# Which Valeting Machine ?



## MarkSmith (Dec 17, 2010)

Up til now, I have always cleaned/shampooed car seats and carpets by hand with AG Interior Cleaner.

However, Would I be better off buying a machine ?

Are machines much better and easier/quicker to use ?

If so, could someone recommend which machine to go for ?

I have looked at many on ebay, from a Vax 6131 to a big one by Sealey and a smart looking one called an Aquarius, but have no idea which would be best and also best value for money.

Also, would AG Super Interior Cleaner be suitable for using with such a machine ?

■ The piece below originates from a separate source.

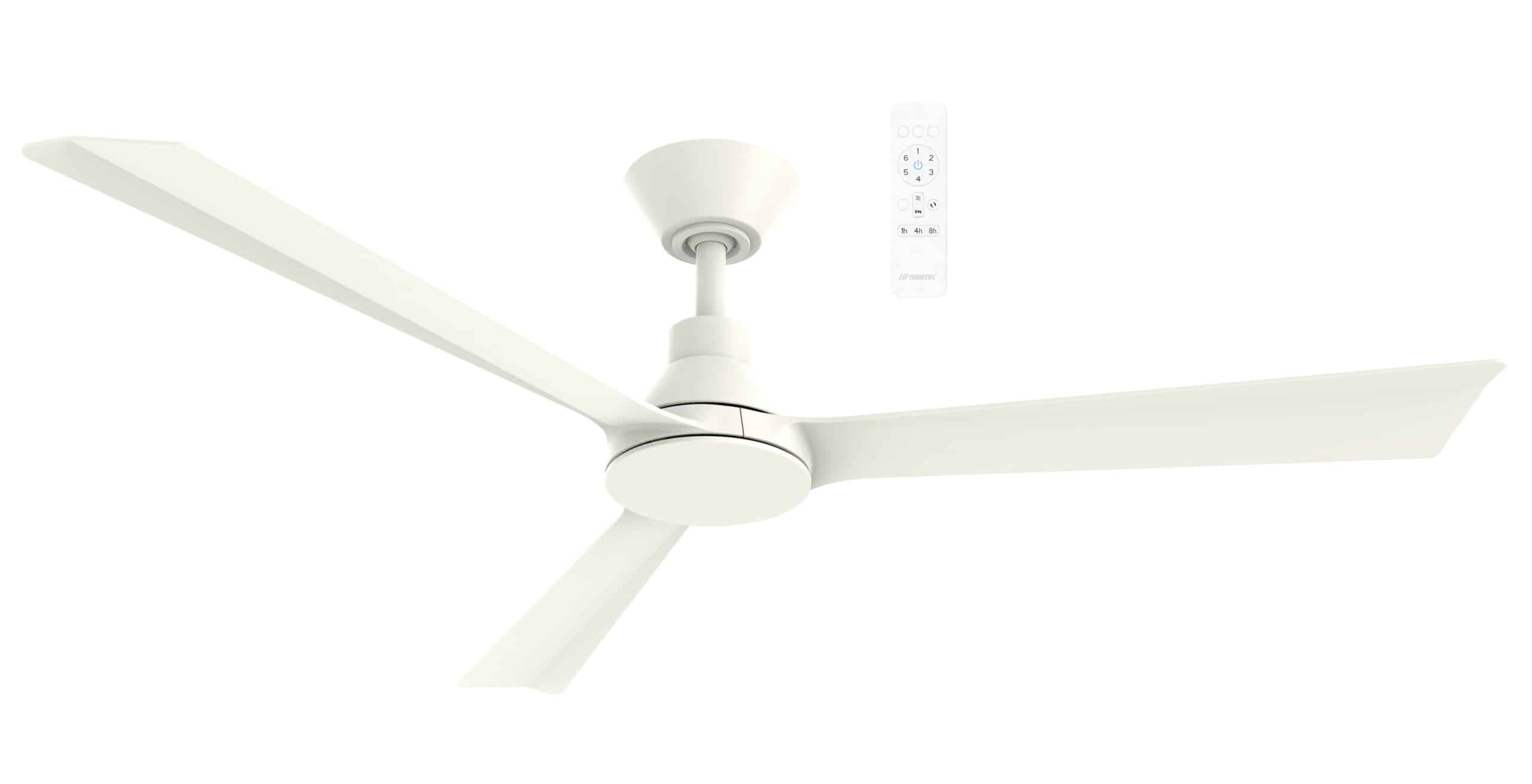 • Riviera 52″ offers a sleek design with a modern touch. This fan features clean lines and is available in matt white- matt black &

Many thanks for any help and advice given, its very appreciated.


----------



## chrisc (Jun 15, 2008)

George cheapish and very good
if its a sealey vmas913 you have looked at there even better i have one but ice killed pump but nearly 5-6 hundred pound i belive now.george is very easy to shift about.


----------



## MarkSmith (Dec 17, 2010)

Thanks. How much do Georges come in at and do they do a much better job than what can be done by hand ?

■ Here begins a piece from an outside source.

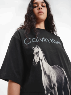 F64Z1017 Black Beauty Women Calvin Klein Oversized T-shirt Dress

I have about £200 to spend on the right machine, so the Sealey one is probably out of my budget


----------



## The_Bouncer (Nov 24, 2010)

George wet vac will do everything you'll need it for :O)


----------



## Guest (Mar 30, 2011)

Clean Store is where i ordered mine at £170 plus chemical. There great, powerful, reliable and easy to use and pack away. As with any carpet cleaning machine - keep a needle in your van as the hand tool jet can get blocked very easily.


----------



## chrisc (Jun 15, 2008)

MarkSmith said:


> Thanks. How much do Georges come in at and do they do a much better job than what can be done by hand ?
> 
> I have about £200 to spend on the right machine, so the Sealey one is probably out of my budget


yep just get a george look a lot more pro than a vax imo:thumb:


----------



## Zetec-al (Feb 28, 2011)

Hi Mark,

I have a vax6131 which was recommended to me by a few people on here. I can't compare it to a george but the vax does everything you would need it to do. I've so far cleaned the two front seats in my car and they came up a treat. I just spray some megs APC on the seat agitate with a brush and then go over them with the Vax, Sucks all the dirt out with ease.

Alex.


----------



## paulmc08 (Feb 3, 2009)

Buy a Numatic C370 excellent machine around the £165 bracket,I've used these for year's with no problem's


----------



## -Kev- (Oct 30, 2007)

using a wet vac is miles better than by hand. a wet vac gets the deep down dirt out, by hand your just wiping off the top layer so to speak. vax 6131 I've got has served me well so far


----------



## pete5570 (Jun 11, 2010)

Get the george, i've had mine 7 years and it has had some serious abuse! A vax wouldn't last as long as that, i find them a bit flimsy. Make sure you get the george with all the tools, there are loads of spares for it on ebay should you need them.


----------



## Big Buffer (Jan 1, 2011)

george here for 145 nicker free delivery

http://www.premier-storage.co.uk/shop/item/numatic-1/george-3-in-1/?gclid=CO7q8On_-acCFQoY4QodxXhorw


----------



## The_Bouncer (Nov 24, 2010)

^^ - wow thats cheap


----------



## David (Apr 6, 2006)

buy a decent machine once and you'll never need to replace it


----------



## Superspec (Feb 25, 2011)

Numatic make good vacuums, dry or wet and dry, they are all good. Would definitely buy one over a Vax.


----------



## Mirror Finish Details (Aug 21, 2008)

Or try a steamer.

Cleans just as well, not soaking the underlay of the carpet and you can use it all over the car.

Much better.


----------



## kennethevo6 (Mar 3, 2011)

willwad82 said:


> george here for 145 nicker free delivery
> 
> http://www.premier-storage.co.uk/shop/item/numatic-1/george-3-in-1/?gclid=CO7q8On_-acCFQoY4QodxXhorw


just checked that, its plus vat.. sounded good for a mo though..


----------



## Big Buffer (Jan 1, 2011)

kennethevo6 said:


> just checked that, its plus vat.. sounded good for a mo though..


Well Spotted still good price, used 1 last night on the livingroom carpet to give a whirl before i do a car interior today and wow they are good.

Defo on my wiish list borrowed this from a pal of mine.


----------